​​Utah’s Reemployment Innovations, Speeding Laid-Off Workers Back to Work – ​a Seven Year ​Look Back

John Courtney | President
January 30, 2017

Executive Summary

The State of Utah has a long history of promoting work in its public workforce programs. In 2009, the Utah Department of Workforce Services (DWS) began a study and a revamp of reemployment strategies in its Unemployment Insurance (UI) program.

In the following years, DWS developed an integrated set of work‐focused best practices from early, universal and verifiable job search requirements to targeted and individualized outreach to a wage subsidy program for those who are unable to return to work through other reemployment interventions. Utah’s reemployment efforts garnered national awards and requests to testify before Congress and to lead discussions in national workforce agency association leadership presentations.

Utah’s reforms also empowered its UI claimants to improve their job search skills, their confidence and their engagement in the work of landing a new job. This naturally led to savings to the state’s UI trust fund, helped maintain lower employer UI tax rates and helped claimants receive the many rewards of
productive work.

Background

Shortly after the Great Recession began in 2008, the number of Utah UI claimants increased three‐fold in less than 12 months. Like other states, Utah was scrambling just to pay benefits in a timely manner to the large influx of new claimants. Fortunately, Utah had previously put in place a high quality UI and
Employment Services (ES) information technology system that provided the state with greater flexibility and options for developing a more automated approach to reemployment.
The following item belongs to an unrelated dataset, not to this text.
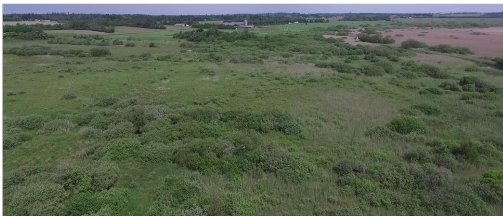
Figur 2-4 Dronefoto som tydelig viser den markante tilgroning af rigkærene.

Behandling af pleje og drift er ikke en del af hydrologiprojektet, men reetablering af naturlig hydrologi er ikke tilstrækkeligt til at genskabe den ønskede naturtilstand, såfremt områderne gror til i pil og tagrør. Overgange over de nye, tværgående grøfter er derfor nødvendige for at sikre adgang, og de vil forbedre mulighederne for afgræsning.

However, DWS discovered that while it had been focused over many years on the value of work and on promoting employment through its UI and workforce programs,

  • It did not have the resources to effectively engage the large influx of new claimants
  • Claimants were not prepared to become re‐employed
  • The state’s systems were not aligned to provide effective integrated reemployment services

Beginning in 2009, DWS began expanding its reemployment efforts through a series of initiatives. It decided to revamp its work‐focused best practices in its UI program and focused on the following core goals:

  1. Early Engagement in Work Search. DWS felt that early engagement of UI claimants is critical to effective reemployment and is a “win‐win,” helping claimants learn the life skill of effective job search, getting claimants back to work sooner and helping employers who are ultimately funding the UI
    system.
  2. Integration of Programs. DWS leaders believed that providing reemployment support for UI claimants should be an integrated service delivery effort by UI, Wagner Peyser and Workforce Innovation and Opportunity Act (WIOA) in partnership with public and private entities.
  3. Process Improvements. The state agency set out to build a culture of continual process improvements that focus on cost‐effective service delivery, provide maximum value to claimants and employers and that are supported by data‐driven outcomes.
Assessment of Reemployment Programs

To develop its goals, DWS conducted several iterative in‐depth reviews of its programs and impacts from 2009 to 2011. In 2009, the department began its assessment and increased the use of its worker profiling reemployment services (WPRS) from 3% to roughly 17% of claimants, leveraging an online
orientation, assessment and referral system. It mailed claimants resource guides, instituted a UI help desk in its Job Centers and updated its job matching system. It also connected labor market information into the system to enable it to introduce potential job openings to claimants during their online weekly
UI certification process. Finally, it implemented a statewide wage subsidy program to give employers the opportunity to employ 2,500 UI claimants who earned less than $15 per hour in their previous job.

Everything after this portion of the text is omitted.